Factors accounting for phenotypic pleiotropy can include the type and timing of

mutations, including somatic mosaicism or genomic rearrangements; localization of the

mutations in the protein; the loss- or gain-of-function mechanisms caused by the mutations;

epigenetic factors; and modifier genes.19-24 However, patients with the various pathogenic genes

do share some common features, such as the temporal expression of symptoms and the type of

epilepsy syndromes, as described above. This was more evident in some cases, such as in those

with KCNT1 mutations, where all 3 patients presented with EIMFS, and as in Dravet syndrome,

where patients almost exclusively had SCN1A as the causative gene (91.7% of genetically

diagnosed patients).

The ultimate goal of genetic diagnosis is targeted therapy.
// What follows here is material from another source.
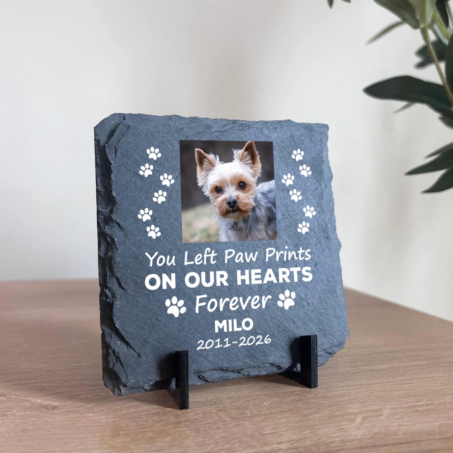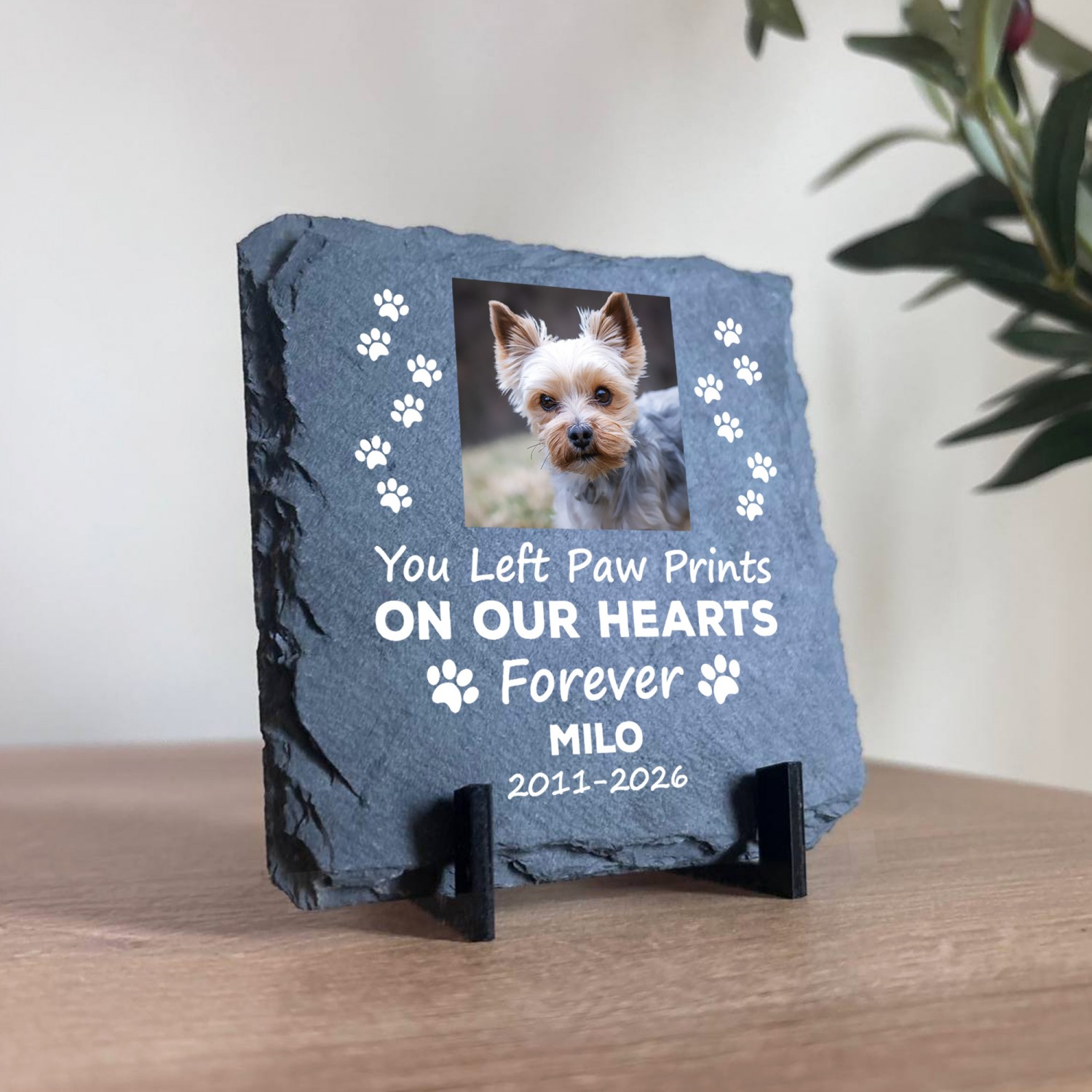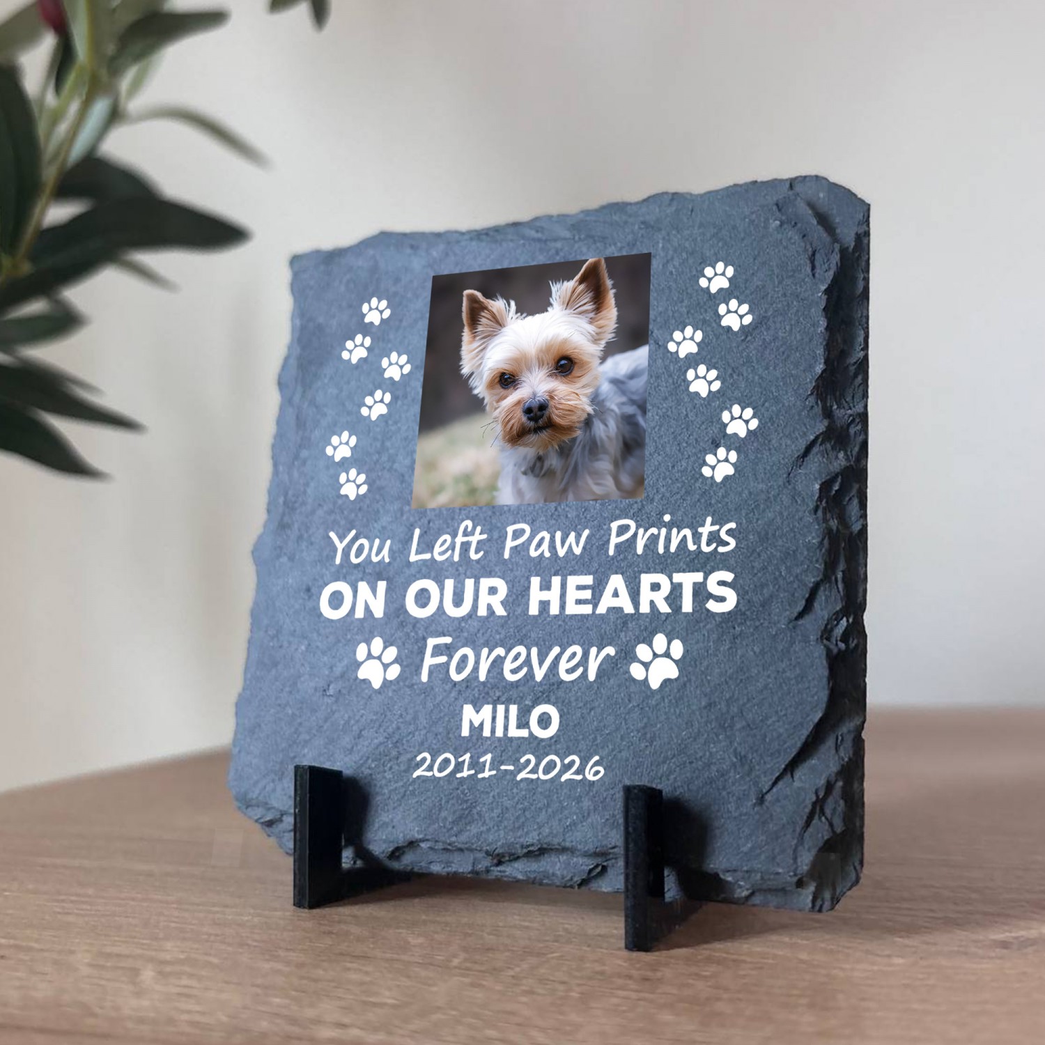 Personalised Slate Pet Memorial Plaque with Photo Custom Engraved Dog or Cat Remembrance Keepsake Freestanding Natural Slate Tribute 10x10cm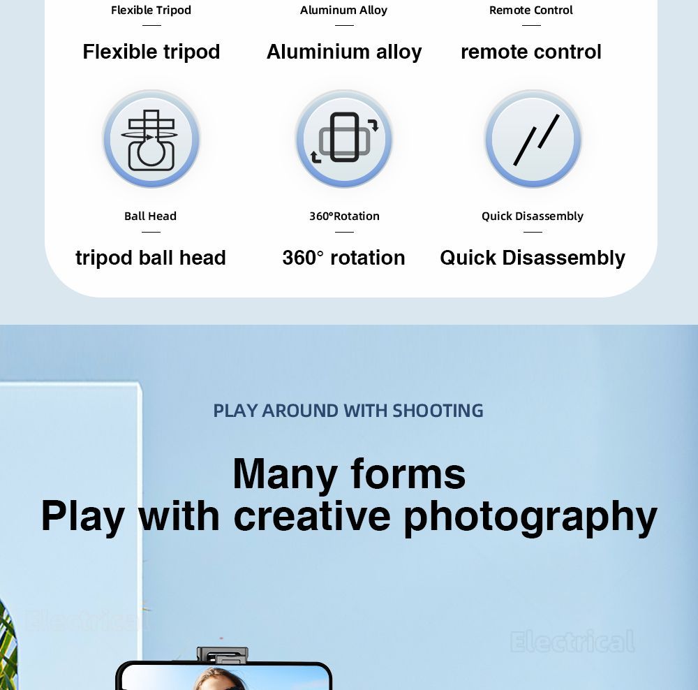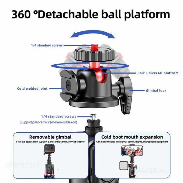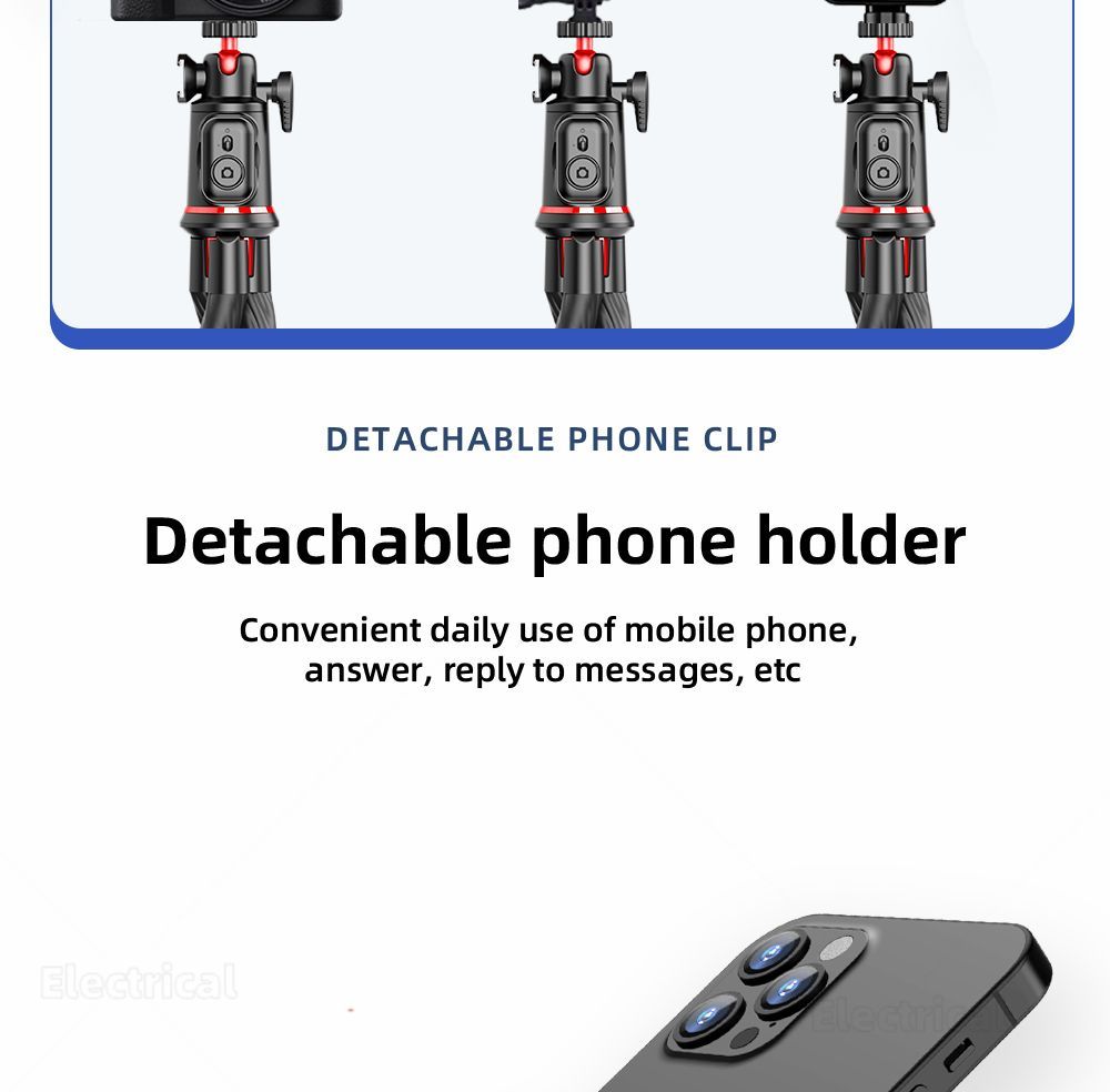 - 兼容手機(65-95mm)、運動相機、單反配件(1/4"標準螺絲)

However, available therapies

targeted to known genetic mutations are still limited to a few genes, such as KD for SCL2A1,

retigabine for KCNQ2, memantine for GRIN2A or GRIN2B, and quinidine for KCNT1.25-29

Three EIMFS patients in our cohort who had pathogenic variants in KCNT1 showed intractable

seizures, and 2 of these were administered quinidine; this was discontinued for 1 patient before

the therapeutic level was reached due to QT prolongation, while another patient, in whom the

therapeutic serum concentration was reached, did not show any effects in seizure reduction.

Therefore, more studies are warranted for achieving targeted therapy, including reprogramming

of stem cells or gene therapy, based on molecular diagnoses.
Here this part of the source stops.